In the average Yuba-Sutter resident’s kitchen sits a canister for all recyclable products, a bag for plastic bags, bags for paper and newspapers, a bucket of compost and a little can for what is now considered true trash. To make this separating system work, residents must change their lifestyles and put a little effort into the cause. The website www.YSDI.com answers questions and concerns about how the program works.
Many local citizens are taking advantage of this new program as a way to make a little cash. YSD, Inc. does not hold a monopoly on Yuba-Sutter’s recycling goldmine. Instead of being hauled off in trucks, recyclable products can be taken to a collection center, so the profit goes directly back into residents’ wallets.
There are many collection facilities in the Yuba-Sutter area: Recycle America, 360 Bridge Street, Yuba City; Pioneer Recycling Center, 4833 Olivehurst Ave., Olivehurst; Yuba City Scrap and Steel, 1721 Colusa Hwy, Yuba City; Yuba-Sutter Disposal Recycling Buyback Center, 3001 North Levee Road, Marysville; and Recycling Industries, 389 Wilbur Avenue, Yuba City.

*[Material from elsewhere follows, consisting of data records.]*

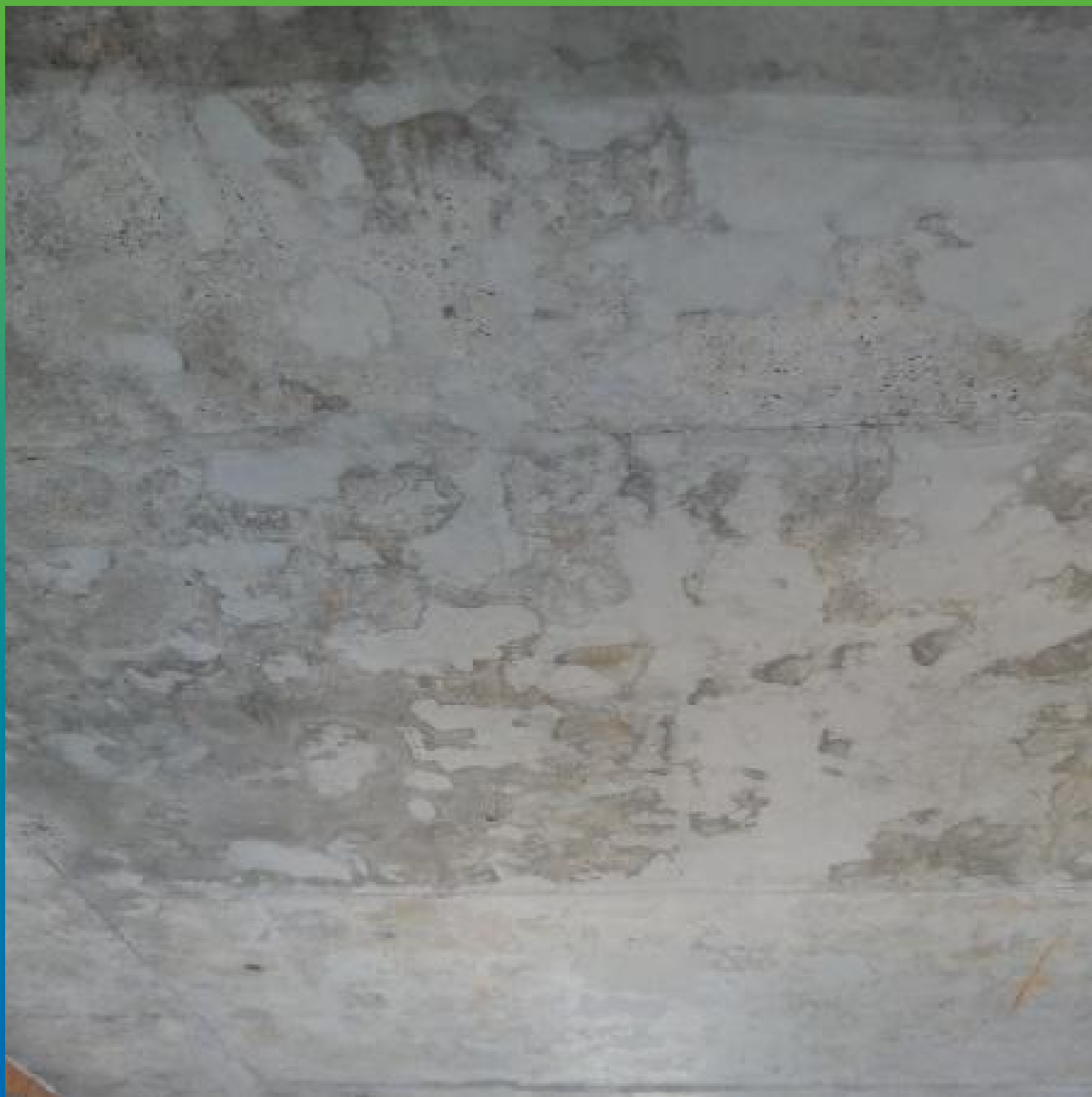
Дефекты на плите перекрытия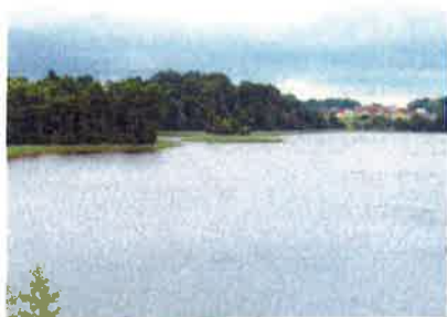
Ilustracja 4: Jezioro Ostrówek - mała wyspa

Jezioro Ostrówek oraz Wyspy na Jeziorze – jezioro Ostrówek ma powierzchnię 24,3 ha i jest jeziorem płytkim. Głębokość maksymalna jeziora sięga 3,9 m zaś średnia głębokość 1,9 m. Na jeziorze znajdują się dwie wyspy. Większa znajduje się w odległości ok 70 m od brzegu jeziora. Jej przybliżona wielkość to ok 3700 m 2 . W minionym okresie wyspa połączona była pomostem z brzegiem jeziora.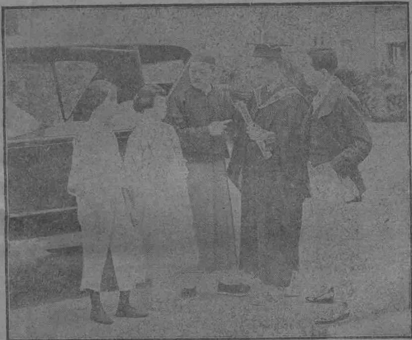
(中校於晤歡獨公交其仙亞妻其與後業學和元鄭)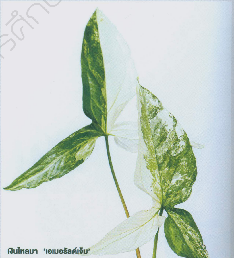
เงินไหลมา 'เอมอริลด์จีบ'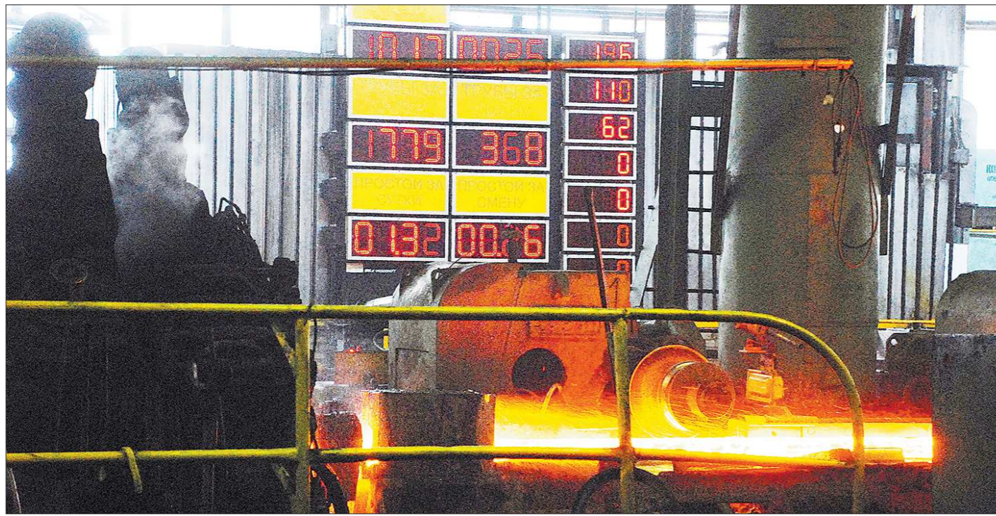
Создание одного рабочего места в базовых индустриальных отраслях даёт в среднем 2,5 рабочих места в смежных непромышленных секторах экономики

— Что новое, что модернизированные рабочие места — это новые технологии и оборудование. Очень важно, чтобы средние и высшие образовательные заведения готовили специалистов, способных в этой технике разбираться, работать на ней и обслуживать её. Поскольку мы при создании рабочих мест по сути обучаем заново тех специалистов, которые у нас работают либо которые к нам приходят, то мы тратим на это достаточно серьёзные средства и создаём общественное благо. К сожалению, система профессионального образования не успевает за теми темпами модернизации, которые осуществляются компаниями. Мы вынуждены этим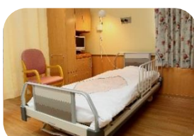
個室と多床室を完備しています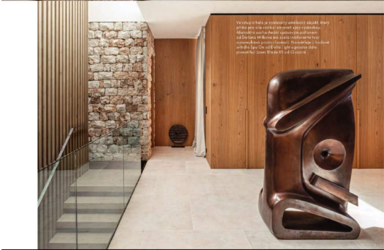
Ve vstupní hale je vystavený umělecký objekt, který přimá pro vlnu vzniká zároveň s její výtvarnou. Abstraktní socha Anidál spádově poháněná od Stefano Millova má zcela indiferentní tvar a zomeřuje prostou formou. Na vlně je i bodové světlo Spy On od Della Tigli a prostor dále prosvětlují luster Blade XS od G. Scuzzi.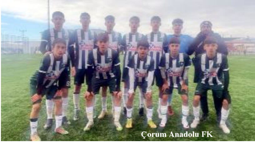
Çorum Anadolu FK

GOLLER: Emirhan (2), H.Ege (2), Yiğit (2), Yusuf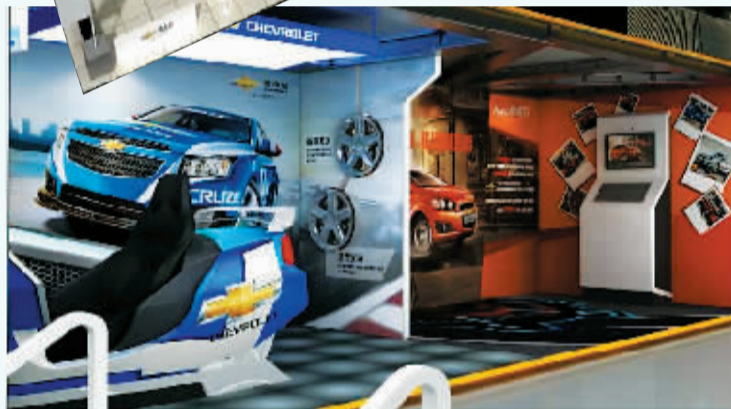
汽车公园实景图(资料图片)

Noon on a Monday morning, Recycling Industries was a bustle of activity. “We handle about one customer every six minutes,” said Doug Ransom, who started recycling in 1975, driving a truck to collect materials from Chico to Sacramento. Recycling Industries found its current home in 1987. Since then, they have made a huge business of buying cardboard, glass, plastic, newspapers and magazines, which are packed into bales and shipped off to mills where the real process takes place. Six weeks later, materials are processed and “new” products are back on store shelves. “We’ve got to stop throwing it away,” said Ransom. He recalls the Forties, when Americans turned tin cans into planes. “We stopped recycling after the war. England didn’t. Now we’re catching up.”